8. Personal Properties and Securities Act (PPSA)
a. Agree that this agreement, under these terms and conditions,
relating to the supply of goods and services, now or in the
future creates a registrable security interest under the PPSA;
b. Acknowledge the right of Insigns Pty Ltd to register a security
interest under the PPSA;
c. Acknowledge the right of Insigns Pty Ltd to exercise all of the
remedies afforded to it as a secured party under he PPSA without prejudice to any other rights or remedies arising out of breach by you or any other party of any agreement with Insigns Pty Ltd, and
d. Agree that the Customer’s Account is collateral for the purposes of the PPSA;
i. You waive any right you have under under s. 157 (1) of the PPSA to receive notice in relation to any registration events or to claim damages available under the PPSA;
ii. The parties acknowledge that none of them will disclose information of the kind specified in section 275 of the PPSA;
iii. At the election of Insigns Pty Ltd to be exercised at any time in its absolute discretion, any section of the PPSA specified in section 115 will not apply to the extent permitted by section 115;
iv. The customer must pay costs, charges and expenses of and incidental to registering security interest of any action taken by Insigns Pty Ltd to comply with the PPSA (including any demand given under section 178 of the PPSA).
9. Equitable Charge
You as beneficial owner and/ or registered proprietor now charge in favour of Insigns Pty Ltd all of Your estate and interest in any real property (“Land”) to secure payment of invoices rendered to Insigns Pty Ltd to You for the supply of goods and services including interest payable on those invoices and costs (including legal costs on a full indemnity basis) incurred by Insigns Pty Ltd, and including the costs to prepare and lodge a Caveat against the Land and to remove the Caveat.

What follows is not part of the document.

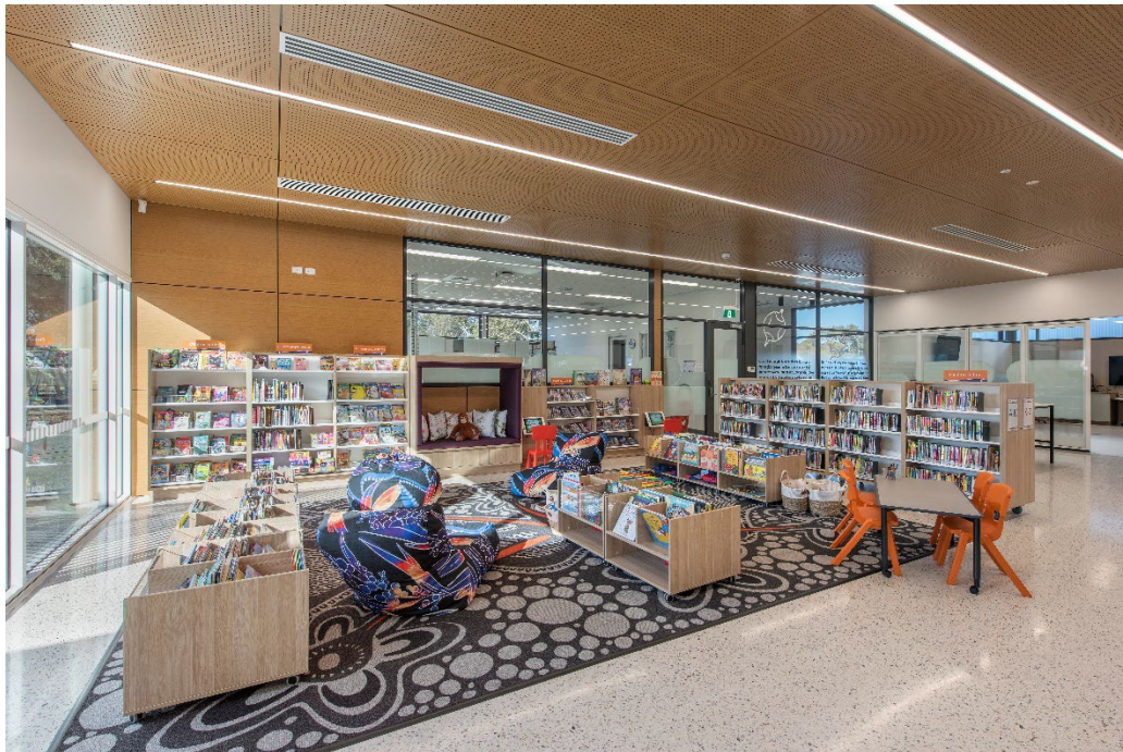
Children's Area, Burton Community Hub, 2023

The Manager Community Participation and Partnerships has delegated authority to vary Library fees for the purpose of introducing new programs and / or allowing for increases in supply costs.

10. Privacy Act 1988 (Commonwealth)
You enable the Supplier to assess your credit or to review any existing credit, you authorise the supplier to obtain:
1. Form a credit reporting agency and credit report containing personal information about the Applicant and Guarantors in relation to credit provided by the Supplier (section 18k(1)(a) of the Privacy Act 1988);
2. A report from credit reporting agency containing personal information about the Applicant and the Guarantors (section 18k(1)(b) of the Privacy Act 1988); and
3. A report containing information about the Applicant’s and the Guarantors’’ commercial activities or commercial credit worthiness from a business which provided information about the commercial credit worthiness of a person or an entity in relation to credit provided by the Supplier (section 18L(4) of the Privacy Act 1988).
You authorises the Supplier to provide certain personal information about You under section 18E(8)(c) of the Privacy Act 1988. The information which may be given to an agency is covered by section 18E(1) of the Privacy Act 1988. In accordance with section 18N(1)(b) of the Privacy Act 1988, You authorises the Supplier to give and obtain from credit providers named in this agreement and credit providers that may be named in a credit report issued by a credit reporting agency information about the Your credit arrangement. You acknowledge that the information can include any information about the Your credit worthiness, credit standing, credit history or credit capacity that credit providers are allowed to give or receive from each other under the Privacy Act 1988.